- _PROBLEM TO SOLVE_
Repeat, word for word, every line from the line holding "Coral Red Delight" through the final line of the entries below. Skip all pictures.

- _EXERCISE INPUTS_
+ + + +

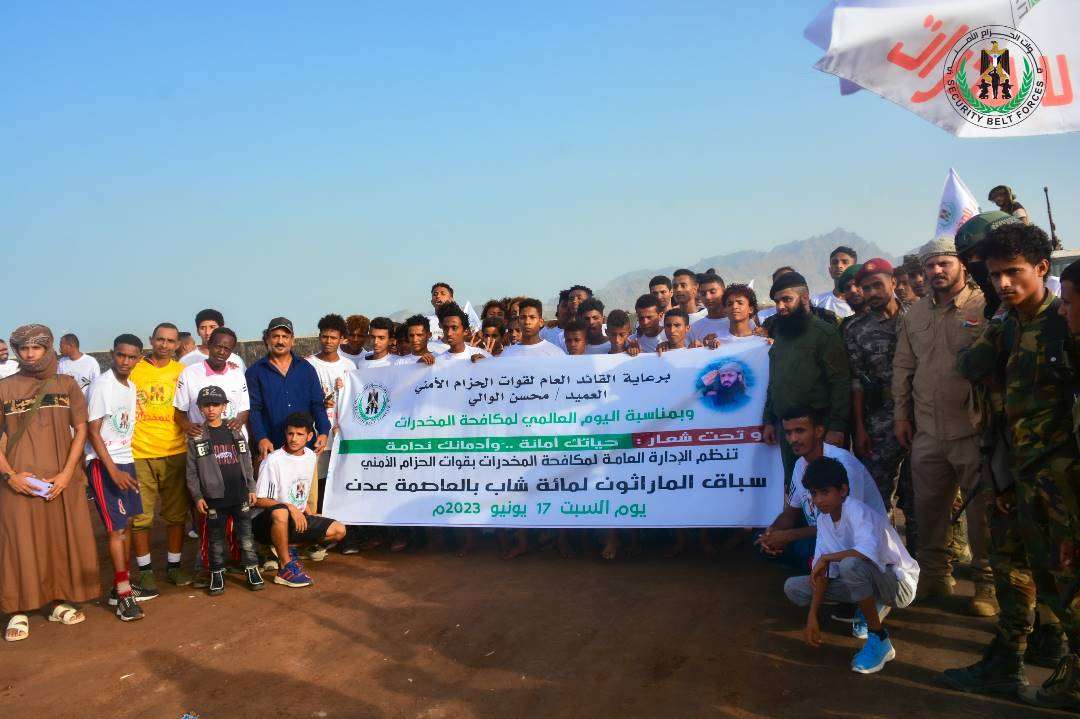 نظمت إدارتا مكافحة المخدرات،والتدريب البدني والرياضي، بقوات الحزام الأمني،عصر اليوم “مارثون” سباق رياضي، في العاصمة عدن بمشاركة 100 متسابق،يمثلون عدد من اندية العاصمة عدن،ومنتسبي الحزام، وذلك بدعم من القائد العام للحزام الأمني العميد محسن عبدالله الوالي.
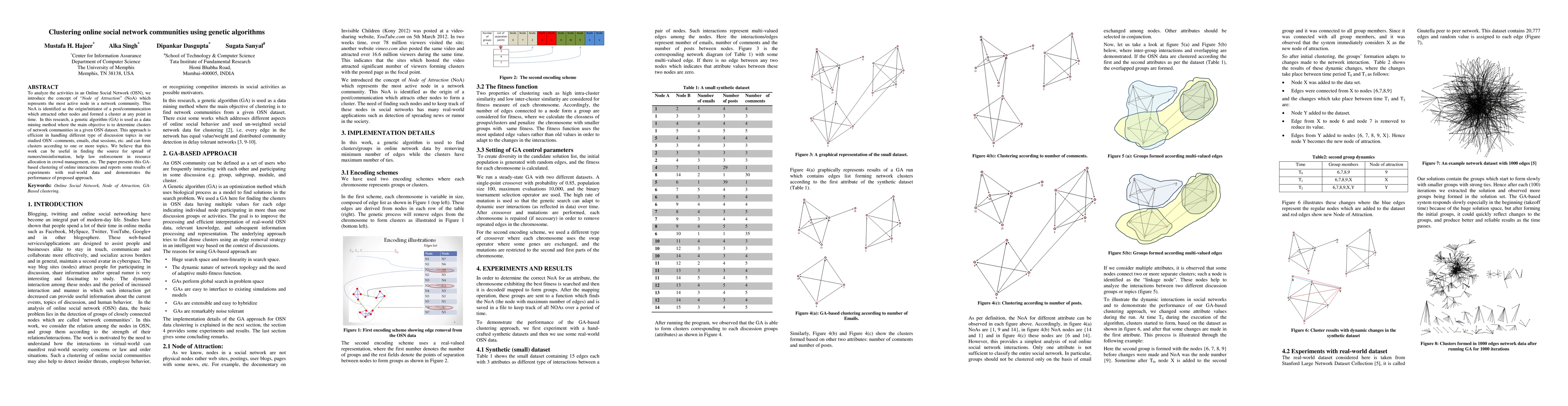 To analyze the activities in an Online Social network (OSN), we introduce the concept of "Node of Attraction" (NoA) which represents the most active node in a network community. This NoA is identified as the origin/initiator of a post/communication which attracted other nodes and formed a cluster at any point in time. In this research, a genetic algorithm (GA) is used as a data mining method where the main objective is to determine clusters of network communities in a given OSN dataset. This approach is efficient in handling different type of discussion topics in our studied OSN - comments, emails, chat expressions, etc. and can form clusters according to one or more topics. We believe that this work can be useful in finding the source for spread of this GA-based clustering of online interactions and reports some results of experiments with real-world data and demonstrates the performance of proposed approach.
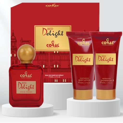Coral Red Delight Pour Femme Gift Set For Women | Eau de Parfum, Body Lotion & Shower Gel (50ml Each) | Elegant Women's Fragrance Set | For All Occasions
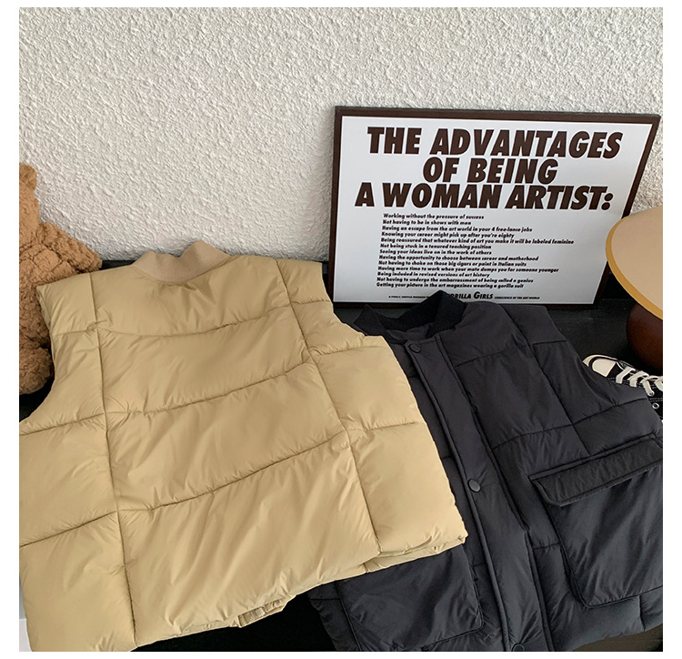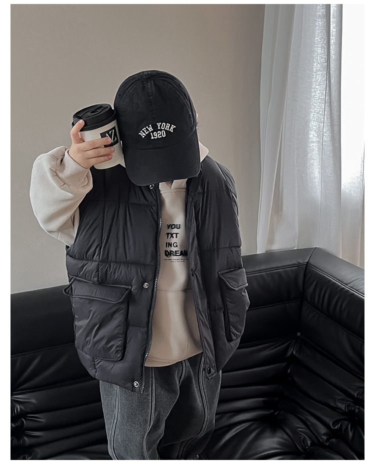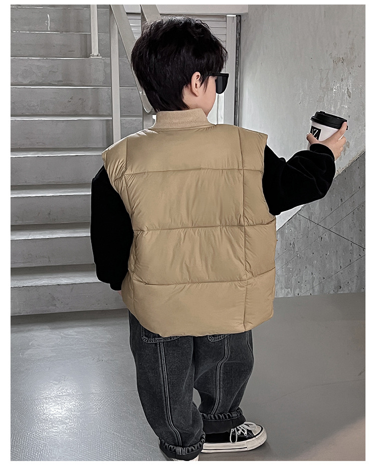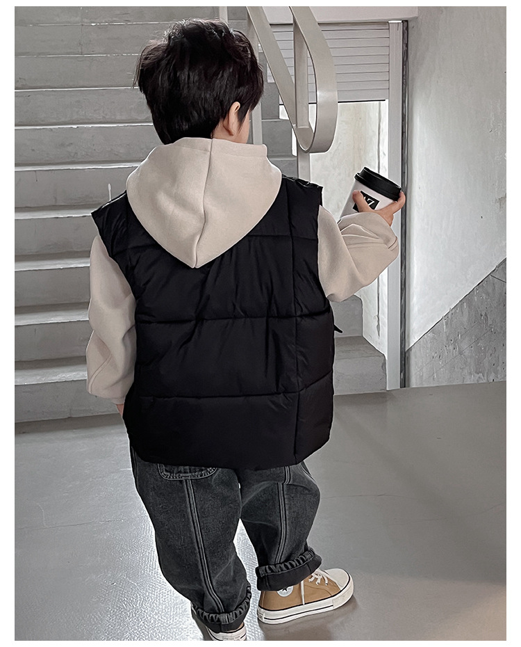 【클리어런스 특가】아동용 겨울 한국 스타일 멋진 유아용 면옷 단색 스탠드 칼라 두꺼운 작업복 스타일 남아 조끼스토어 가기
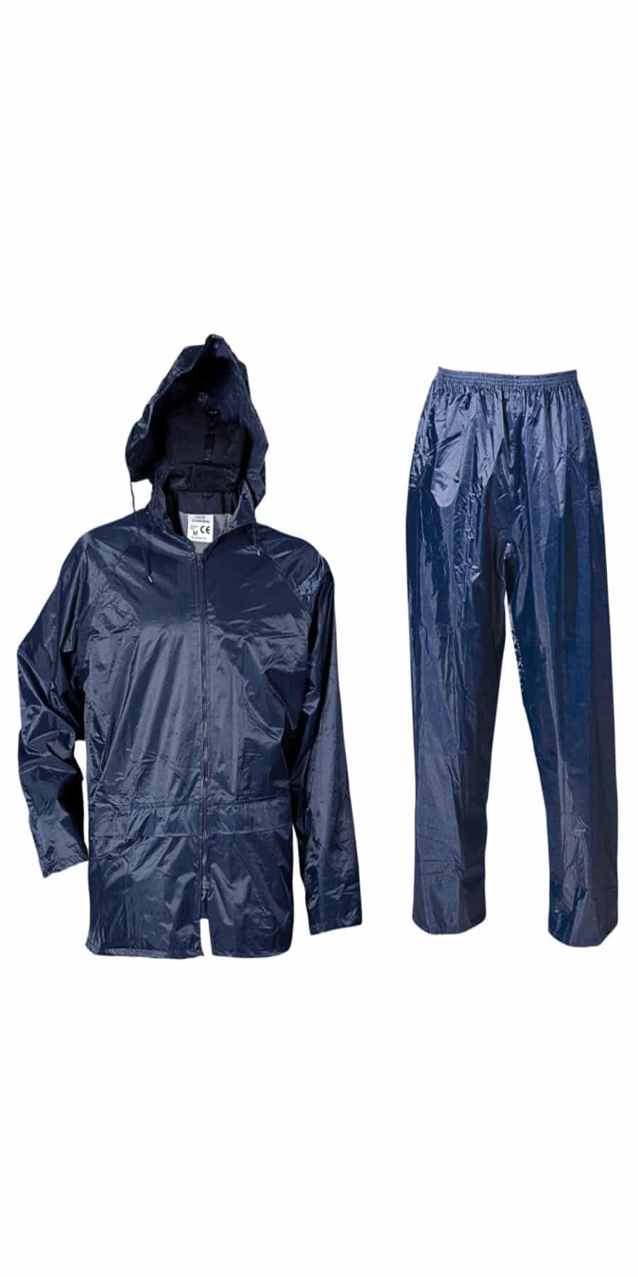 Водозащитен костюм изработен от ПВЦ/ полиамид с качулка, обемни джобове и закопчаване с цип. Панталонът има с ластик в кръста. Комплектът е подходящо работно облекло през дъждовния период от годината, ако работите на открито. Можете да го използвате и за лина употреба като част от туристическата си екипировка. Водозащитен костюм ПВЦ при нас ще намерите и в тъмнозелен цвят.

+ + + +

- _TASK RESPONSE_
Coral Red Delight Pour Femme Gift Set For Women | Eau de Parfum, Body Lotion & Shower Gel (50ml Each) | Elegant Women's Fragrance Set | For All Occasions
 【클리어런스 특가】아동용 겨울 한국 스타일 멋진 유아용 면옷 단색 스탠드 칼라 두꺼운 작업복 스타일 남아 조끼스토어 가기
 Водозащитен костюм изработен от ПВЦ/ полиамид с качулка, обемни джобове и закопчаване с цип. Панталонът има с ластик в кръста. Комплектът е подходящо работно облекло през дъждовния период от годината, ако работите на открито. Можете да го използвате и за лина употреба като част от туристическата си екипировка. Водозащитен костюм ПВЦ при нас ще намерите и в тъмнозелен цвят.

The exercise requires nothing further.